It would be lovely if people recognized turning a female character who has had agency since her first appearance into a mindless meat puppet who is unable to fight off "a very mild sedative" - as MJ has to be convincing enough to pass as herself at the gala - and turning her into just an object to be rescued and just to make the hero sad/angry/possibly be his reward is playing into the highly sexist, highly problematic damsel in distress stereotype that mainstream media SHOULD be lightyears beyond. And to not see the sexism in this is problematic IMO.
And it would be lovely if others didn't use ad reductio absurdum fallacies and engaged in what people are actually expressing.
It's not that MJ is supposed to fight off Moira. It's not MJ can't be under Moira's control. Bad things happen to characters.
It's HOW MJ is portrayed in these situations. It's refusing to give MJ any agency and making her just a cardboard plot device so Spider-Man can team up with Wolverine. It's giving MJ a meek, submissive voice instead of her own, well established voice. We're not seeing MJ doing anything to self-rescue herself aside from using morse code to alert Doug Ramsey in Hellfire Gala, which is the absolute barest minimum and was forced by the story so the story can move to the next beat instead of being driven by character (if it was driven by character, MJ would have given Peter some sort of signal - used some phrase or done something that she knew would have alerted Peter but not Moira.

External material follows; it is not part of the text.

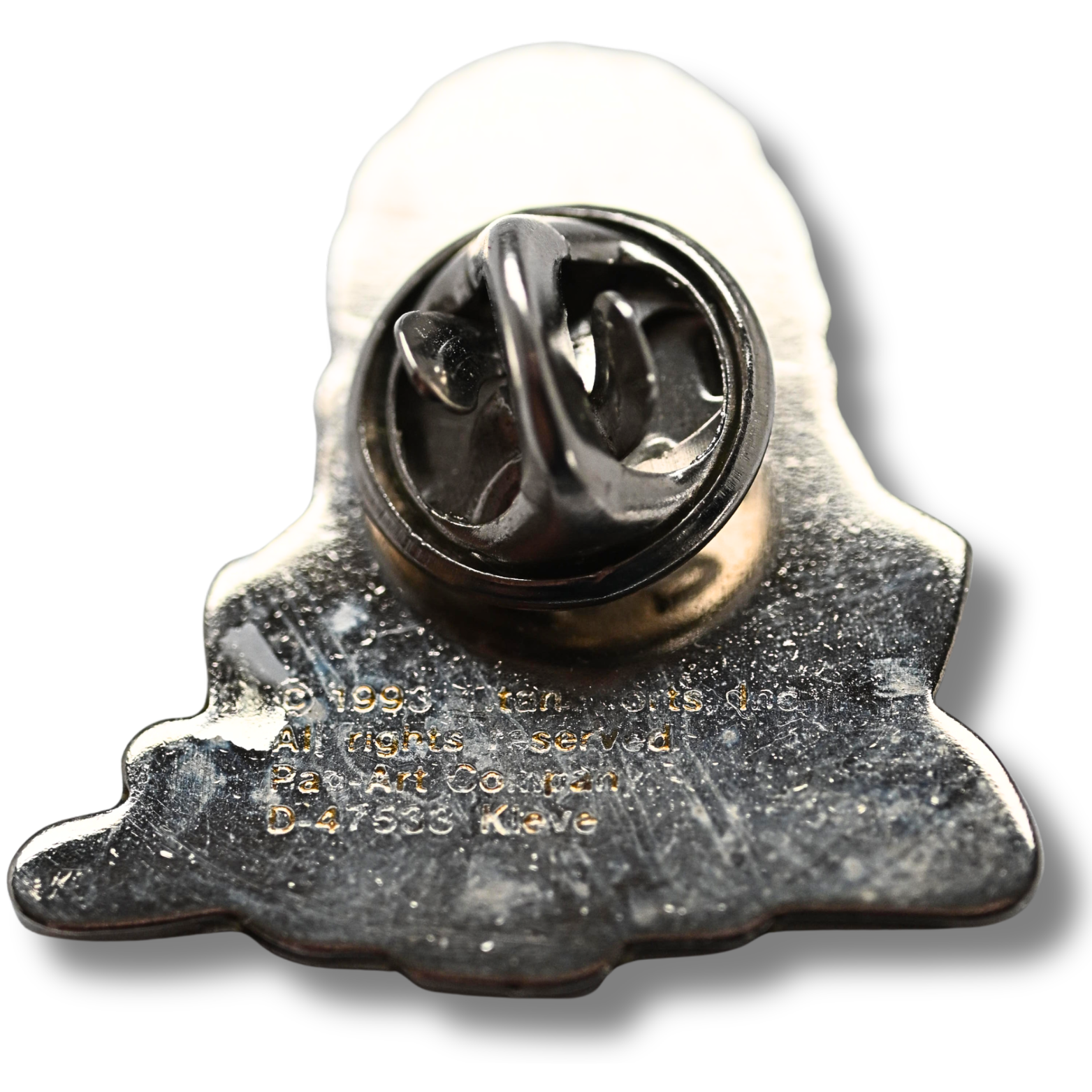 Der Pin besteht aus stabilem Metall und ist farbig emailliert. Auf der Rückseite befindet sich ein klassischer Butterfly-Verschluss, der sicheren Halt an Kleidung, Taschen, Caps oder Sammlerboards gewährleistet. Die Prägung auf der Rückseite weist auf die offizielle Lizenzierung und das Herstellungsjahr 1993 hin.

It makes no sense for MJ to look to mutants she barely knows - and who could be in cahoots with Moira in the first place - for help when her longtime friend/often partner is RIGHT THERE).
MJ should be trying to figure out how to get out of this situation at every step of the way. Not just dragging her feet and then going along after a half-hearted protest. That's flat hackneyed writing. Of course, it's not helped by Zeb Wells's intransigent refusal to give Peter or Mary Jane an interior life so we don't know what they are thinking - because if he did, it would ruin his moldy Mystery Box.
Characters have, well, characterization. How Mary Jane responds to a situation should be different from Felicia Hardy should be different from Lois Lane should be different from Linda Park West.
But in Hellfire Gala and in the pages we have so far, Mary Jane acts just like a generic stereotyped helpless female victim. Her dialogue and actions could be given to any number of faceless damsels in distress. THAT's the issue.
In addition, Zeb Wells has a explicit, long established history of problematic writing for Mary Jane that cannot be denied.